Господь открывает высший мир. Но человек все время прячется от него, закрывается от него, или слепо смотрит в высший мир, лишь природным сознанием, без опыта веры. Вера же неопытная не преображает жизни, как жизнь потемненная не пропускает небесных лучей в сердце человека. Чем же непросветленнее сердце, тем горделивее разум, и более замкнут для откровений. Таков порочный круг ветхой жизни, жизни закрытой для постижений, для видений.

Многие могли бы узнать более, чем они знают, о собственной жизни своей, и о жизни всего мира.

Мало «больших видений» небесных в мире, потому что «малых видений», – видений веры – не много.

Потемненное сознание человека хочет миновать это правдивое и смиренное видение веры, и сразу увидеть – своими потемненными чувствами – высший мир. «Род лукавый и прелюбодейный ищет знамения, но знамение не дастся ему, кроме знамения Ионы пророка»! (Мф.12:39)

Не надо искать знамений. С верой настоящей придет видение сущности жизни, сокровенного мира, востекающего к Полноте Бытия.

Откровения, доступные восприятию человека на земле, всегда будут крошками, падающими со стола небесного мира, ибо человеку дано великое испытание жизни во тьме, – в окружении лишь символов и отблесков света.

Человек замкнут в темницу этого чувственного мира, его плотских явлений. Но из этой темницы он должен найти выход. И самое удивительное, что двери этой темницы всегда открыты. Их стережет лишь сам человек, не пускающий себя самого в небесную жизнь.

Слепому, природному сознанию нужен поводырь. Этот поводырь есть Закон Откровения. Все слепые пройдут свой путь, если будут держаться за Руку Ведущего. Ясны заповеди Евангелия и непреложны: крепка Рука, протянутая с Неба. Коснувшийся ее, пошедший за ней обретает начатки жизни вечной, уже в этой своей краткой жизни. Видение мира переходит в его видение...

Кроме малых видений, – видений в окружающем естестве, бывают большие видения, видения души, вышедшей из окружающей ее действительности низшего мира. Это есть «восхищение». Не все восхищаются «до третьего неба», как апостол (высший, доступный человеку предел Познания), но до второго восхищаются, забывая первое, чувственное небо этой земли. Подобные восхищения бывают во сне, и, чему много примеров мы видим в Евангелии, бывают и вне сна. Бывают так называемые в аскетике «тонкие сны» – полуявь, полусон... Истины божественные раскрываются в поучениях, образах и картинах. Картины эти земного порядка, но видение истины обнажено в видении образа – и слышании слова – более, чем это бывает в откровении. Ибо во сне выключен человек из земной необходимости, и дух легко живописует человеку Истину Свою – прямо в сердце. И говорит ее – прямо в слух сердца.
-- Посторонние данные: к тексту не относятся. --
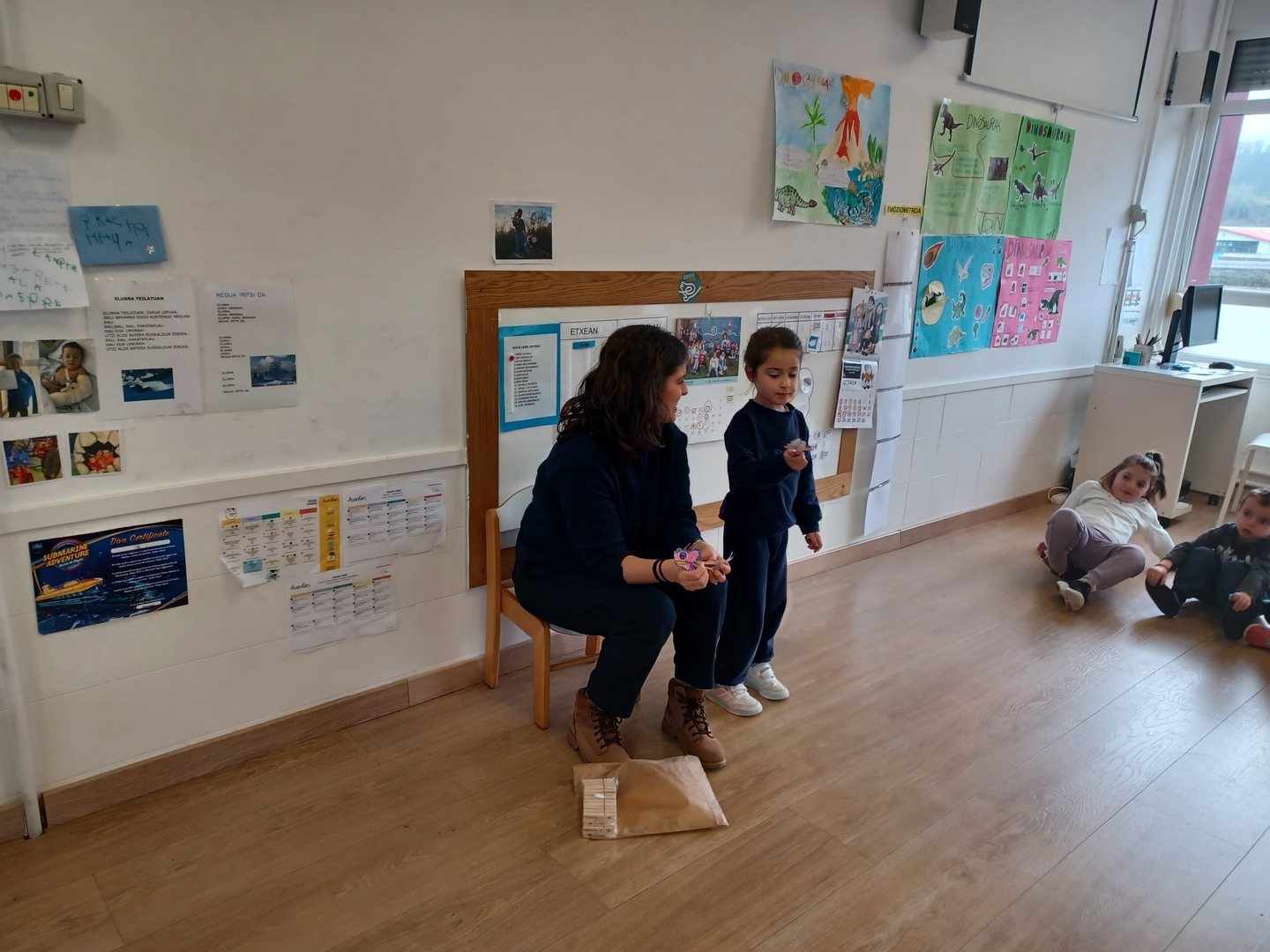 Dinosauroen gaiarekin dabiltza eta pasa den astean gelako Alaiaren ama etorri zen dinosauroen eskulan batzuk egitera.

Эти явления бывают и от демонов... Но пришедшие от Бога оставляют смиренное, глубокое чувство покорности Воле Божией и покаянное ее познание. Пришедшие же с лживой стороны надмевают человека, возносят в пустоту, чтобы свалить в бездну.

Не нужно желать «больших видений», (то, что обычно только и называется «видением»), но – всемерно устремляться в мир малых откровений, видений веры, всегда безопасных и всегда возможных.

Часто делает человек ошибку: к видению иного мира хочет устремиться путем не иного, а сего мира. (Жаждущий «знаний» именно этого и хочет). Чрез низший мир своего видения, – познать видение сверхчувственного. Чрез то, что смертно, познать бессмертное.

Но не таков закон духовного познания. Чрез смертное можешь познать лишь смерть; чрез бессмертное – бессмертие. В человеке бессмертен лишь дух, его тонкое, для многих почти неуловимое дыхание, и только путем этого дыхания, человек может приять знание своего бессмертия, и может быть научен путям Божьей вечности, среди природы этого чувственного мира, и чрез природу.

* * *

Господь закрыл пред человеком свое «третье небо», которое есть единое настоящее, замкнул человека во тьму этого чувственного солнца, дабы научился человек искать настоящий Свет, пришедший в мир «просветить и освятить» всякого человека.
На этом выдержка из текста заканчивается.